Text data containing emails from Enron employees. The Enron scandal is a famous fraud case. Enron employees covered up the bad financial position of the company, thereby keeping the stock price artificially high. Enron employees sold their own stock options, and when the truth came out, Enron investors were left with nothing. The goal is to find all emails that mention specific words, such as "sell enron stock" etc kind of.......

In [None]:
!pip install pyLDAvis



# Import packages

In [None]:
import pandas as pd
import numpy as np
import string
import nltk
import gensim
import pyLDAvis.gensim
import warnings
warnings.filterwarnings('ignore')


from nltk import word_tokenize
from nltk.corpus import stopwords 
from nltk.stem.wordnet import WordNetLemmatizer
from nltk.stem.porter import PorterStemmer

from gensim import corpora

In [None]:
nltk.download('stopwords')
nltk.download('wordnet')

[nltk_data] Downloading package stopwords to /root/nltk_data...
[nltk_data]   Package stopwords is already up-to-date!
[nltk_data] Downloading package wordnet to /root/nltk_data...
[nltk_data]   Package wordnet is already up-to-date!


True

In [None]:
df = pd.read_csv('enron_emails_clean.csv')

# Cleaning the text data
1. Tokenization
  *  Split the text into sentences and the sentences in words
  * transform everything to lowercase
  * remove punctuation
2. Remove all stopwords

In [None]:
# Define stopwords to exclude
stop = set(stopwords.words('english'))
stop.update(("to", "cc", "subject", "http", "from", "sent", "ect", "u", "fwd", "www", "com", 'html'))

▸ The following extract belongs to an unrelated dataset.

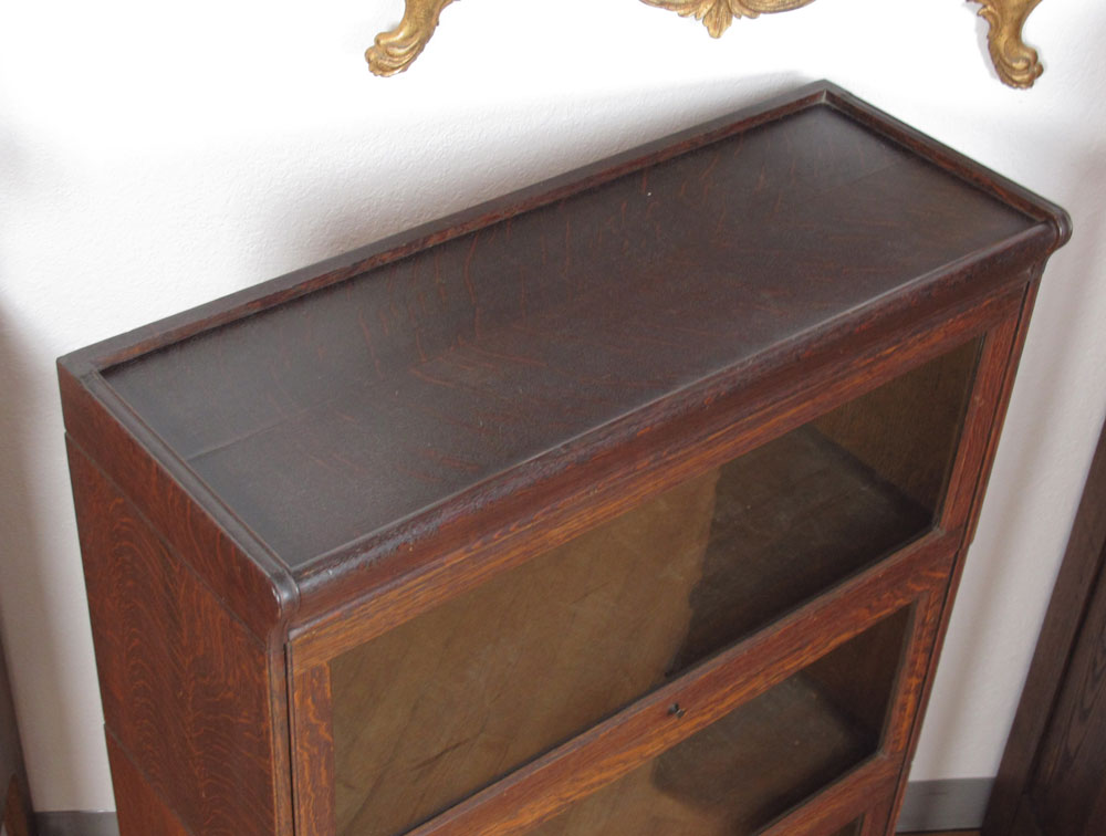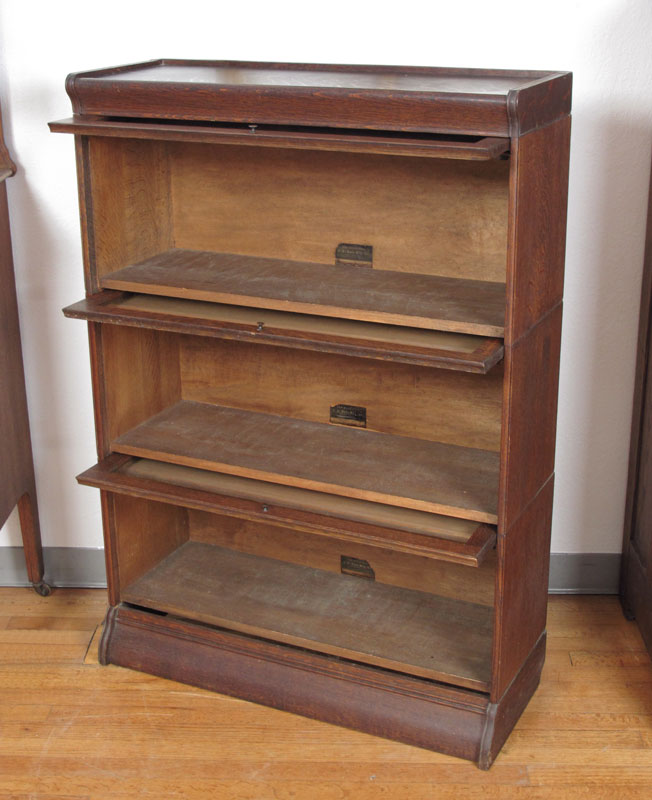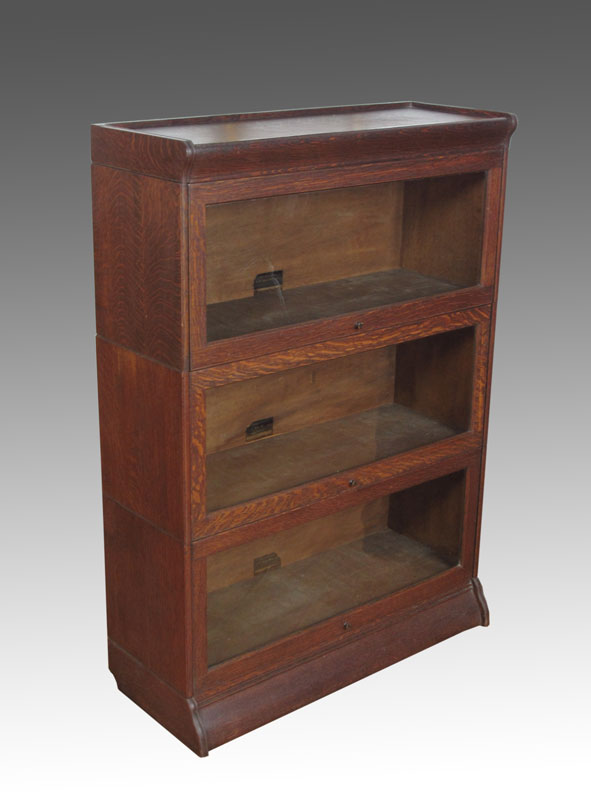 HALE 3 STACK GOLDEN OAK BARRISTER BOOKCASE: Original Hale label on all 3 stacks. 48 1/2'' h. x 13 3/4'' x 34''.

# Define punctuations to exclude and lemmatizer
exclude = set(string.punctuation)

* There are a few more steps to take before you have cleaned data, such as "lemmatization" of words, and stemming the verbs. The verbs in the email data are already stemmed, and the lemmatization is to be done, so lets `lemma`

In [None]:
# Import the lemmatizer from nltk
lemma = WordNetLemmatizer()

# Use the previously defined variables stop and exclude to finish of the function: 
# Strip the words from whitespaces using rstrip, and exclude stopwords and punctuations.
# Finally lemmatize the words and assign that to normalized
def clean(text, stop):
    text = str(text).rstrip()
    stop_free = " ".join([i for i in text.lower().split() if((i not in stop) and (not i.isdigit()))])
    punc_free = ''.join(i for i in stop_free if i not in exclude)
    normalized = " ".join(lemma.lemmatize(i) for i in punc_free.split())      
    return normalized

In [None]:
# Clean the emails in df and print results
# Apply the function clean(text,stop) on each line of text data in our dataframe.
text_clean=[]
for text in df['clean_content']:
    text_clean.append(clean(text, stop).split())

In [None]:
text_clean[0][:10]

['investools',
 'advisory',
 'free',
 'digest',
 'trusted',
 'investment',
 'advice',
 'unsubscribe',
 'free',
 'newsletter']

* We have cleaned the data entirely, including splitting the text into words, removing stopwords and punctuations, and lemmatizing the words. 
* We are now ready to run a topic model on this data. 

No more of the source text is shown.